25 Years Ago I Learned A Surefire Goal Setting Method While Serving As A Missionary In Taiwan

25 Years Ago I Learned A Surefire Goal Setting Method While Serving As A Missionary In Taiwan

Believe It Or Not, A Counter-Intuitive Goal Setting Process That Allowed Me To Produce The Best Missionary Results In Taiwan’s History… Can Work For You, Too.

By Rich Harshaw

Note: About once a month, Monopolize Your Marketplace takes a break from marketing advice and focuses on personal development topics. We call this ongoing series “Personal Edge.” Enjoy!
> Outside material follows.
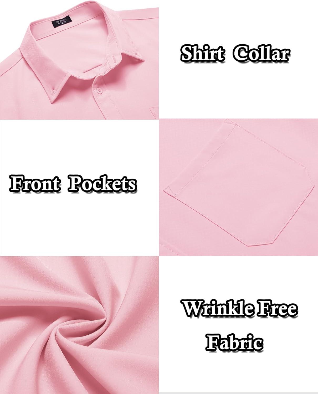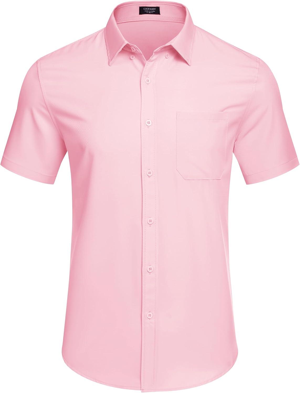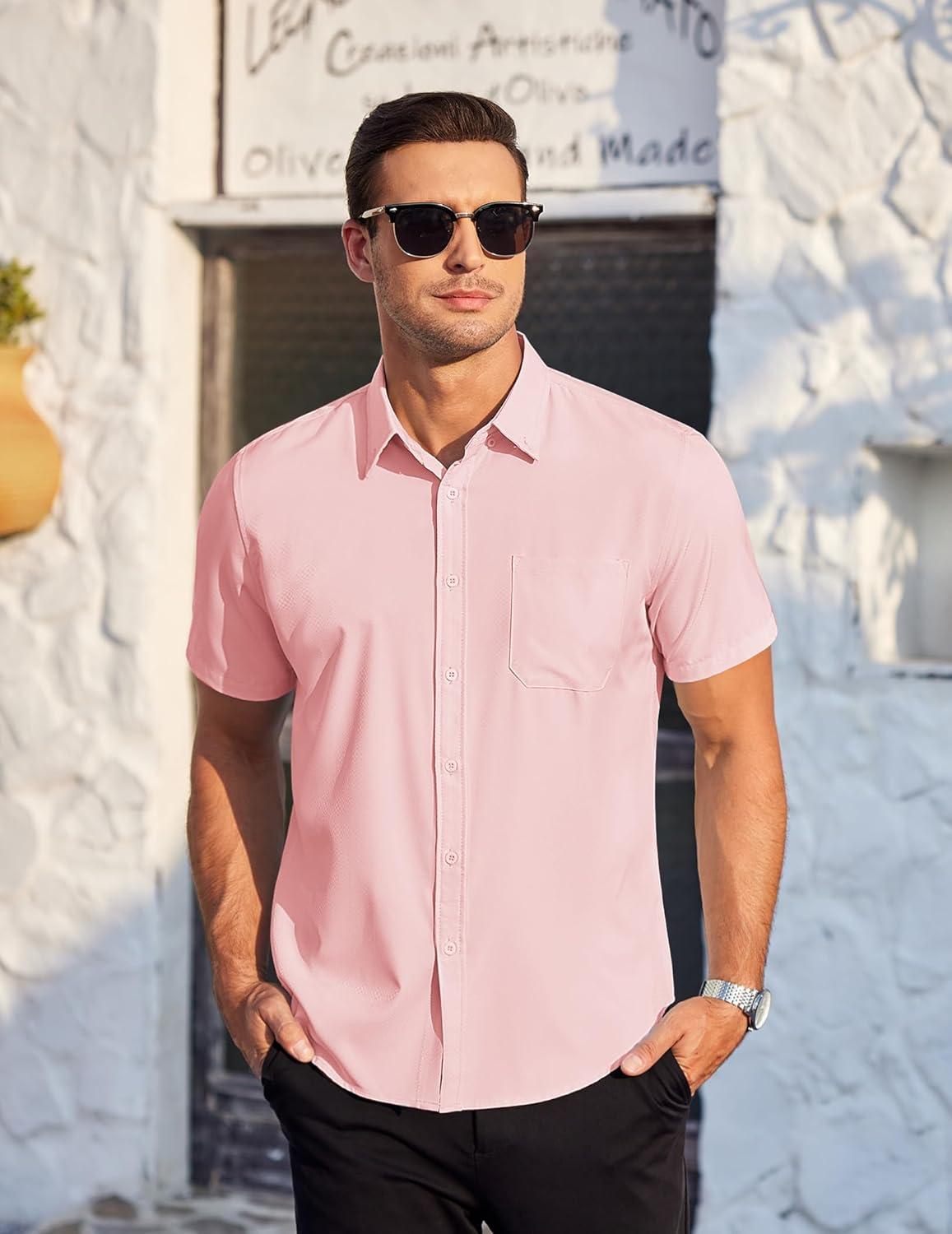 COOFANDY Mens Casual Dress Shirt Short Sleeve Wrinkle Free Dress Shirt Business Casual Shirts(Light Pink)

“Those giant white guys on huge bicycles.”

Even though I only stand a modest six feet tall wearing shoes in the United States, when I served two years as a Mormon missionary in Taipei, Taiwan, I was considered a giant. Everyone knew us as those giant white guys that rode huge bicycles around town.

And oh, did we ride around! Mormon missionaries adhere to extremely regimented schedules: Up by 6:30 AM, studying and preparing until 9:30… then out on the streets riding those giant bicycles around to find and teach people about the church until 9:30 PM. Six days a week. With no access to TV, radio, cell phones, internet, music, dating, or any other “normal” nineteen-year-old activities. In terms of learning, growth, confidence, and maturity, nothing beats paying your own way to serve strangers full-time for two years in a foreign country like you do as a Mormon missionary. Nothing else even comes close.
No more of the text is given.